I ran away from Home

Ever have one of those days when you just can't take it anymore and want to run away and not look back? I don't know what is going on with my children but they have been driving me to the brink of a breakdown. They have been very disrespectful and defiant. Especially "little miss butterfly." For some reason she thinks she is the boss and needs to tell me what to do. She completely ignores me when I ask her to do something. The boys have been fighting roughly and throw stupid tantrums. Dominic has given Reynaldo two bloody noses this week from playing too rough. I have tried every form of discipline and nothing is working. I have to keep in mind that these are not your atypical children and they are wired different but that doesn't mean I should look the other way when they act this way.

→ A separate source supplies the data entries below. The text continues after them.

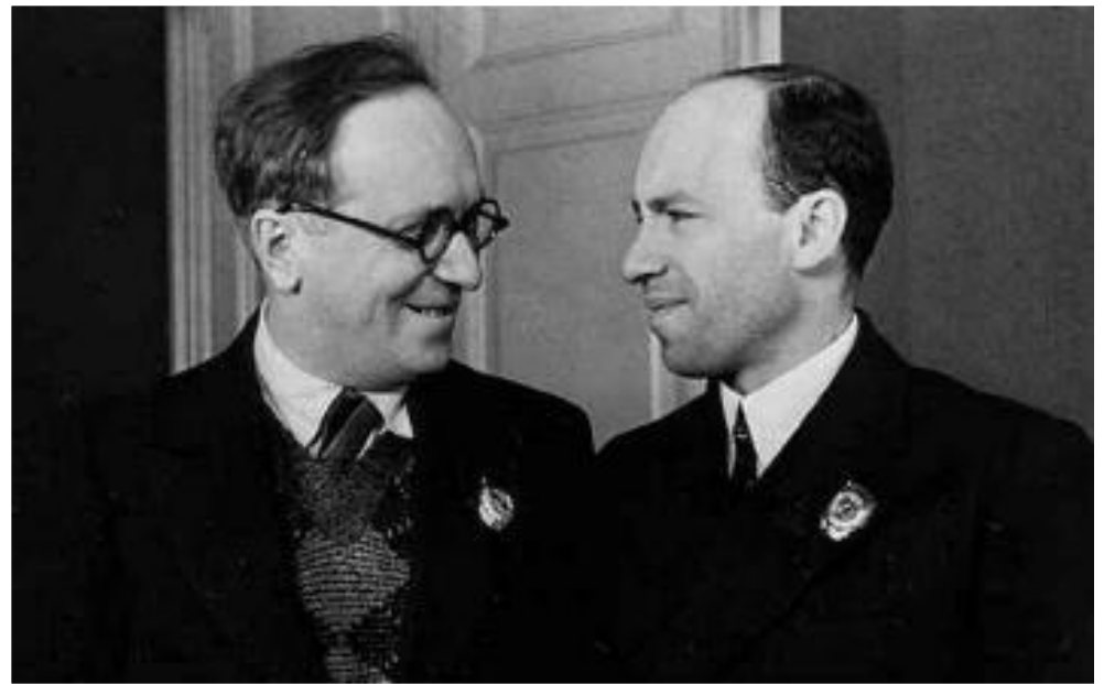
И. Дунаевский и В. Лебедев-Кумач.

Развитие музыки было связано с именами С. Прокофьева, Д. Шостаковича, Т. Хренникова, И. Дунаевского. Появились музыкальные коллективы - Большой симфонический оркестр, квартет им. Бетховена и т. д. При оценке творчества композиторов огромную роль играли вкусы вождей, поэтому жесткой критике подвергся Д. Шостакович. Своего расцвета достигло песенное творчество. Произведения И. Дунаевского, Б. Мокроусова, М. Блантера, братьев Покрасс знала вся страна.
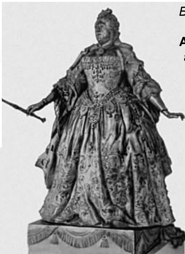
Бартоломео Карло Растрелли Анна Иоанновна с арапчиком. 1741
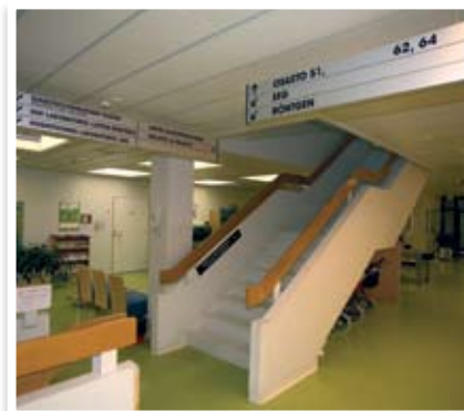
SL-riippuopaste vaihdettavilla tekstilamelilla (Oys, Oulu)
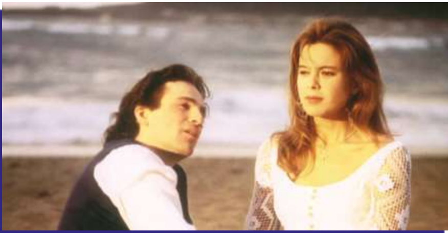
Photogramme du film “ Fotos ”.
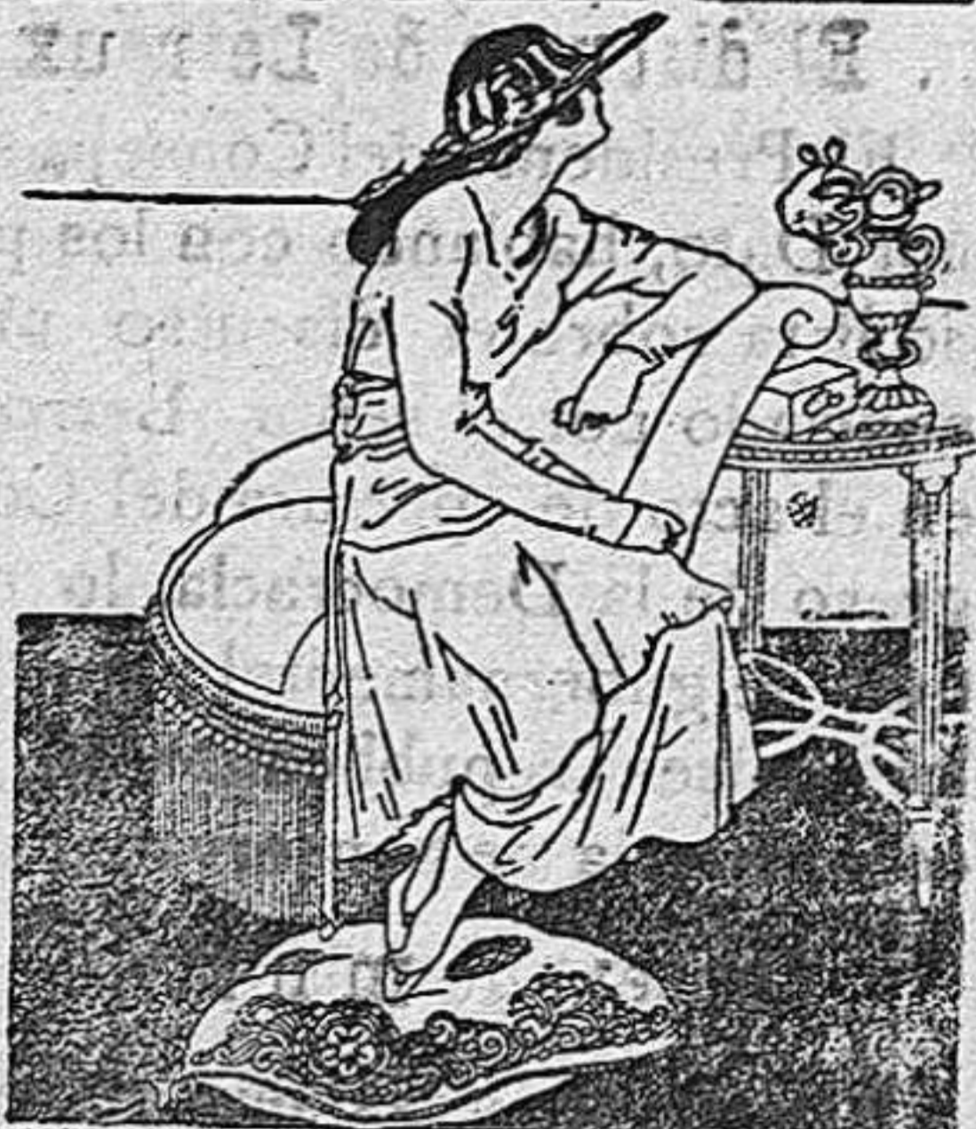
CHOCOLATE CON LECHE SVIZA

El único que gastan las personas distinguidas y que regala participaciones de la
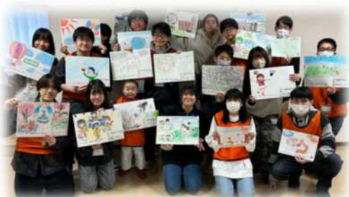
理想の公園、理想のイベントの絵
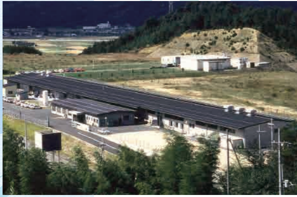
本社・和田山工場
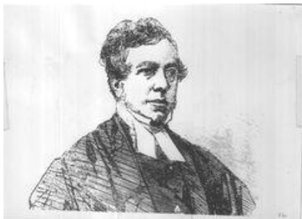
William Webb Ellis

La légende veut que le Rugby ait pris naissance au Collège de Rugby (Angleterre), ce jour de novembre 1823 où un élève du nom de William Webb Ellis se mit à courir avec le ballon dans ses bras, au cours d'une partie de Football.
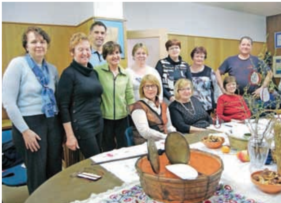
Na študijskem krožku Praznovanja v Smledniku so se tokrat posvetili veliki noči.

Kot drugi se je predstavil študijski krožek Zvedave punce. Deluje od aprila lani. Njihovo ime sporoča, da so radovedne in pripravljene za učenje. "Na
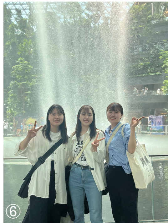
⑥ジュエル(Jewel) ※ @チャンギ空港 ※空 港内観光
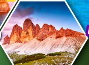
โดโลไมท์
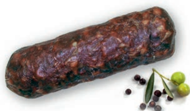
Salama napoli pikant Salami napoli piquant / Salame napoli piccante
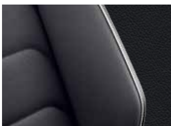
'Vienna' Leather Seat Titan Black
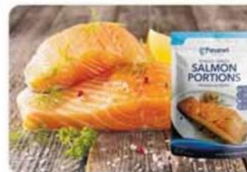
Salmón en Porciones Panamei Congelado - 1 lb Reg. $6.79
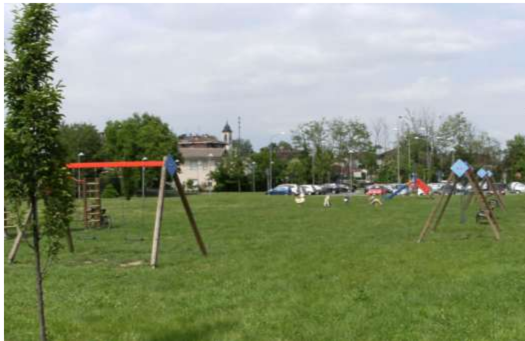
Realizzazione di un parco urbano con area giochi e sosta
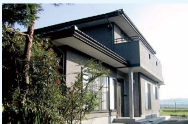
2001(平成13年) 若狭町 中川邸
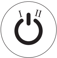
Кнопка ON/Переключение скорости/OFF для модели AP-105
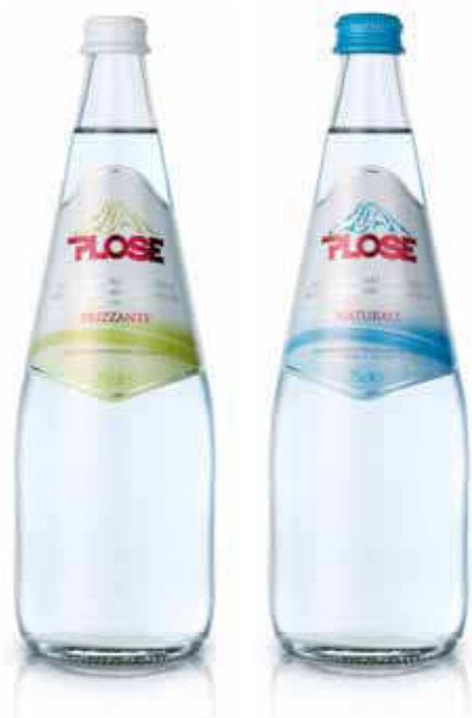
Acqua min Naturale VAR CI 75 Acqua min Frizzante VAR CI 75
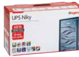
esztétikus és ergonomikus dobozban szállítva

Részleges védelem: túlterhelés, rövidzárlat, rövid és hosszú idejű túlfeszültségek, feszültség ingadozás, alacsony hálózati feszültség valamint áramkimaradás ellen
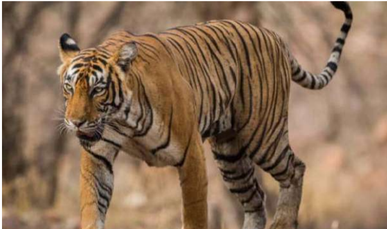
అధికారులు ప్రజలకు కీలక హెచ్చరికలు జారీ చేశారు. పశువులను మేత కోసం అటవీ ప్రాంతం వైపు గానీ, మెట్టపైకి గానీ తోలుకెళ్లవద్దని స్పష్టం చేశారు. రాత్రి సమయాల్లో ఎవరూ ఒంటరిగా బయటకు రావద్దని సూచించారు. పులి ఎక్కడైనా కనిపిస్తే వెంటనే తమకు సమాచారం అందించాలని, దానికి హాని తలపెట్టవద్దని కోరారు. ప్రస్తుతం అటవీ సిబ్బంది ఆ ప్రాంతంలో నిరంతరం గస్తీ కాస్తూ, పులి కదలికలను పర్యవేక్షిస్తున్నారు.

పెద్దపులి సంచారం తూర్పు గోదావరి జిల్లా రాజమండ్రి ప్రాంతంలోని గ్రామీణ ప్రజలను ఆందోళనకు గురి చేస్తోంది. రాజమండ్రి సమీపంలోని కోరుకొండ మండలం, కావవరం గ్రామ పరిధిలో ఉన్న పాండవుల మెట్టపై పెద్ద పులి సంచారంపై వందలకల వ్యాపించాయి. కొన్ని రోజులుగా వినిపిస్తున్న వందలకల తెరదించుతూ, అటవీశాఖ అధికారులు ఈ ప్రాంతంలో పులి ఉనికిని అధికారికంగా ప్రవీకరించారు. మెట్ట ప్రాంతంలో పులి అడుగుజాడలను గుర్తించామని, దాని కదలికలపై నిఘా ఏర్పాటు చేశామని వారు చెబుతున్నారు. అటవీశాఖ ప్రకటనతో కావవరం సహా చుట్టుపక్కల గ్రామాల ప్రజలు తీవ్ర భయాందోళనలకు గురవుతున్నారు. ముఖ్యంగా పొలాలకు వెళ్లే రైతులు, పశువుల కావరాలు బయటకు రావాలంటేనే వదిలిపోతున్నారు. చీకటి పడితే పులి గ్రామాల్లోకి ఎక్కడ ప్రవేశిస్తుందోనని ఆందోళన చెందుతున్నారు. తమకు రక్షణ కల్పించాలని వారు అధికారులను కోరుతున్నారు. ఈ నేపథ్యంలో అటవీశాఖ
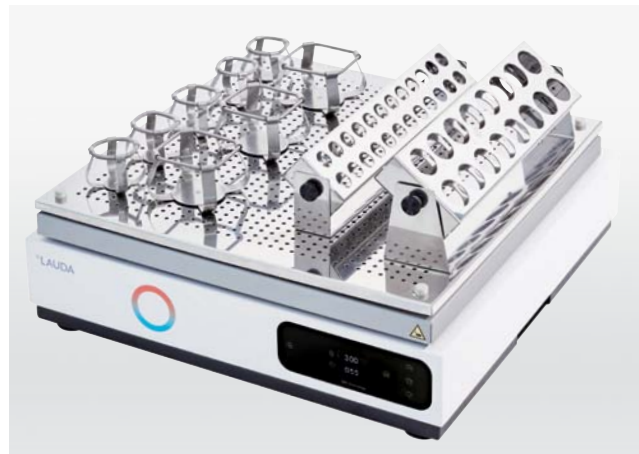
Moderno control digital y funciones ampliadas: Varioshake VS 15 O y VS 15 B
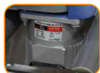
パワフルな1/3HPツインモーター
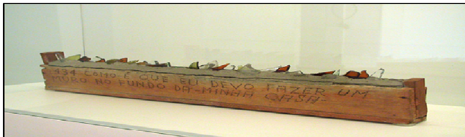
Figura 2: Objeto criado por Arthur Bispo do Rosário com madeira, cimento e vidro. Fonte: Fundação Proa. Disponível em: < http://www.proa.org/exhibicoes/pasadas/inconsciente/salas/id_bispo_4.html > Acesso em: 09 mai. 2008

Paranóide 5 diagnosticada em 24 de dezembro de 1938 conforme atesta seu prontuário na Colônia Juliano Moreira. Com delírios auditivos, foi lotado em espaço exíguo, distante do convívio social, no Pavilhão Ulisses Caldas, destinado a pacientes com sintomas de agressividade e descontrole físico. Cedo expressou essa necessidade humana de se comunicar, ainda que através de cifras, símbolos, frases incompletas e formas espaciais aparentemente desconexas (Figura 2). Ainda apresentou também uma necessidade de segurança, demonstrada também na Figura 2, onde relata uma forma de construir algo que possa lhe garantir estar seguro e protegido dos males externos. Um muro como esse demonstrado por Bispo do Rosário, caracteriza a busca pela proteção daquilo que pode lhe afetar, que pode coincidir também com a sensação de segurança que o artista encontrava no hospital psiquiátrico.
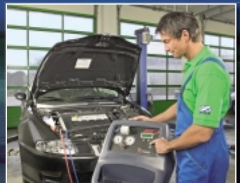
Moog, Moog & Morgenstern, Koblenz

Unter www.point-s.de finden Sie im Internet ganz schnell die Servicecenter in Ihrer Nähe und welchen Service Ihnen diese bieten.
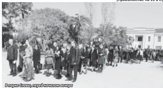
В парке Славы, перед началом вечера
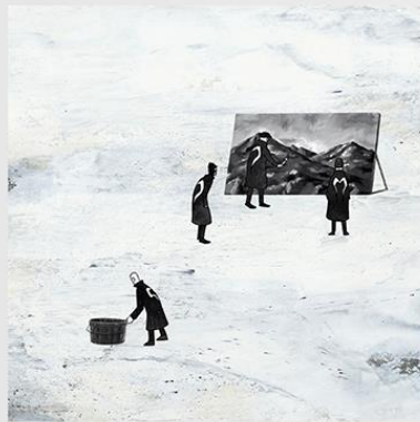
Fill her up
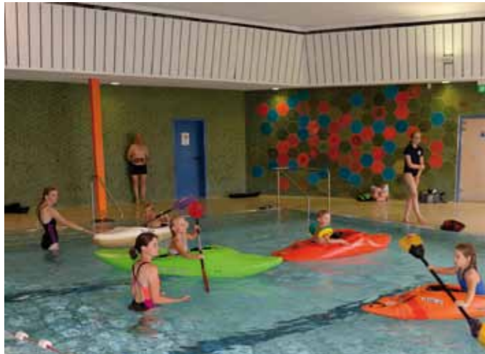
Paddelnachwuchs im Rheingaubad in Geisenheim
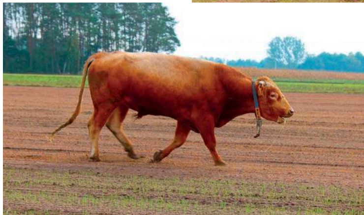
Stadu przewodzi potężny byk

Z jednego z gospodarstw w gminie Nowe Miasto regularnie ucieka stado krów. Zwierzęta tratują zboża, sieją zniszczenia w kukurydzy, podchodzą pod okoliczne posesje.
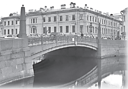
Красный мост через реку Мойку

на, ныне Российского государственного педагогического университета имени А. И. Герцена. Это набережная реки Мойки, 48. Экскурсанты узнают, что во дворце и в прилегающем к нему саду молодая супруга наследника российского престола Петра Федоровича, которую по прибытии в Россию крестили и стали именовать Екатериной Алексеевной, скучала от невнимания мужа, обрела немало преданных сторонников. чтобы впоследствии стать российской императрицей Екатериной II. Долгое время на Мойке, 48 находился воспитательный дом для детей, которых оставляли в чугунной люльке, стоявшей у ворот заведения. В 1918 г. был основан Третий государственный педагогический институт, в который со временем влились все остальные педагогические вузы города, но в постсоветский период историю РГПУ им. А. И. Герцена стали вести с 1797 г. Перед главным зданием университета стоит памятник Константину Дмитриевичу Ушинскому, одному из крупнейших деятелей российской педагогики. В силу различных обстоятельств памятник Александру Ивановичу Герцену так и не был установлен.
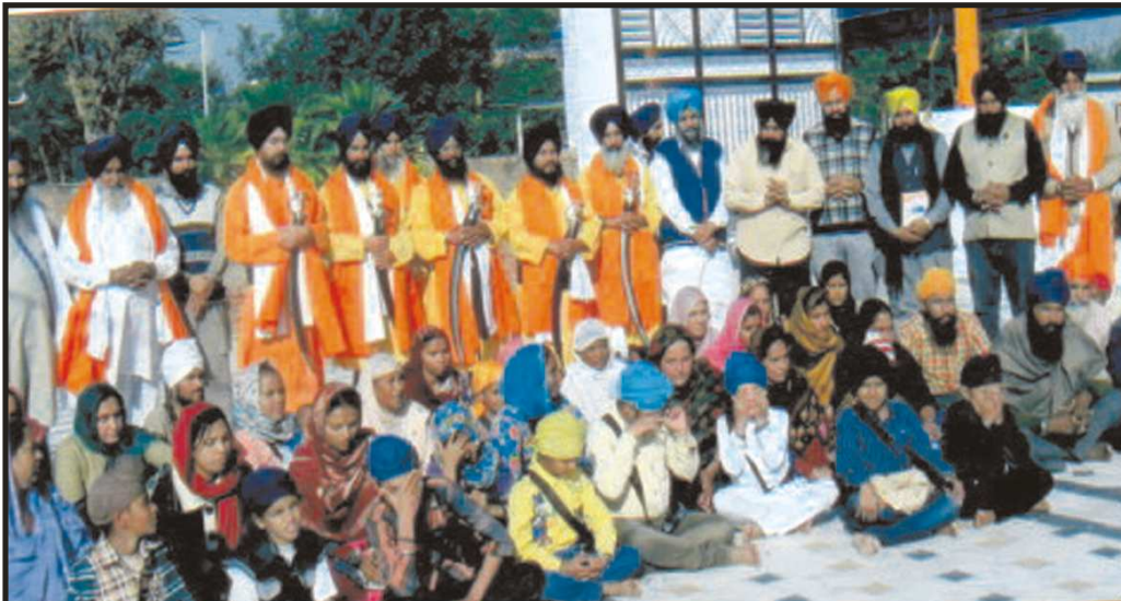
ਗੁਰਦੁਆਰਾ ਗੁਰੂਸਰ ਸਤਲਾਣੀ ਸਾਹਿਬ, ਅੰਮ੍ਰਿਤਸਰ ਵਿਖੇ ਕਰਵਾਏ ਗਏ ਅੰਮ੍ਰਿਤ ਸੰਚਾਰ ਸਮੇਂ ਅੰਮ੍ਰਿਤ ਅਭਿਲਾਖੀ ਸੰਗਤਾਂ ਨਾਲ ਪੰਜ ਪਿਆਰੇ ਸਾਹਿਬਾਨ।
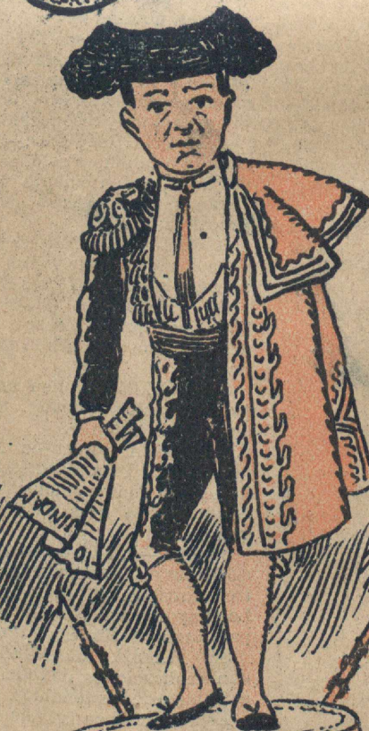
Lema: Si aciertas quien es... te llevas... QUINTO.
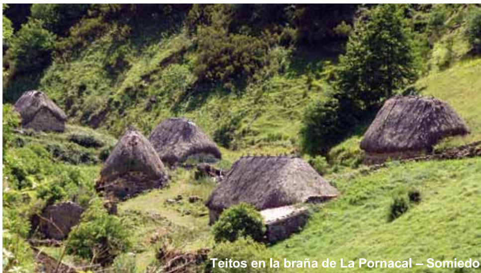
Teitos en la braña de La Pornacal – Somiedo
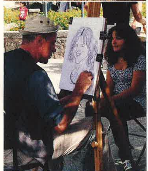
Boven: De rust van Borgo Belfiore Midden: Portret-tekenaar in San Marino Onder: Het San Michelestrand bij Sirolo
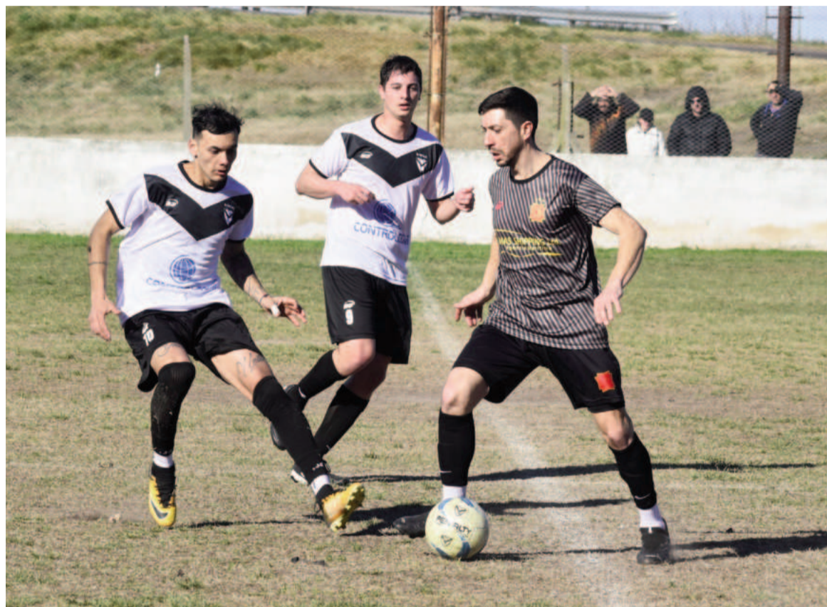
Belgrano y El Fortín se verán las caras esta noche en el Camping belgranense. EL NORTE

Del lado de El Fortín, el objetivo para este año es mejorar la imagen futbolística de la última temporada, buscando salir de la zona

They are in need of some major boot camp structure with some STRICT rules! That is all in the works right now. I know for a fact they do much better when things are consistent and structured. People seem to look at me strange when I am so structured and strict but they are not the parents of my kids. They don't know their needs and issues. I need to stop caring what others think and do what is best for my babies. After an emotional phone call with my husband about feeling so overwhelmed and stressed out it was much decided that I needed to leave when my husband got home and spend the evening out. Knowing how moody I have been lately and grumpy, I really did not want to be around anyone. After a suggestion from a friend I went and walked around some stores and decided to go see a movie. I have never gone to a movie by myself but I have to admit I liked it even though it felt weird. I was actually the only one in the theatre. I left feeling very destressed and ready to face the challenge of being Super Preggo Momma. I am sure baby Gracie was relieved to have quiet time in the womb away from all the Drama.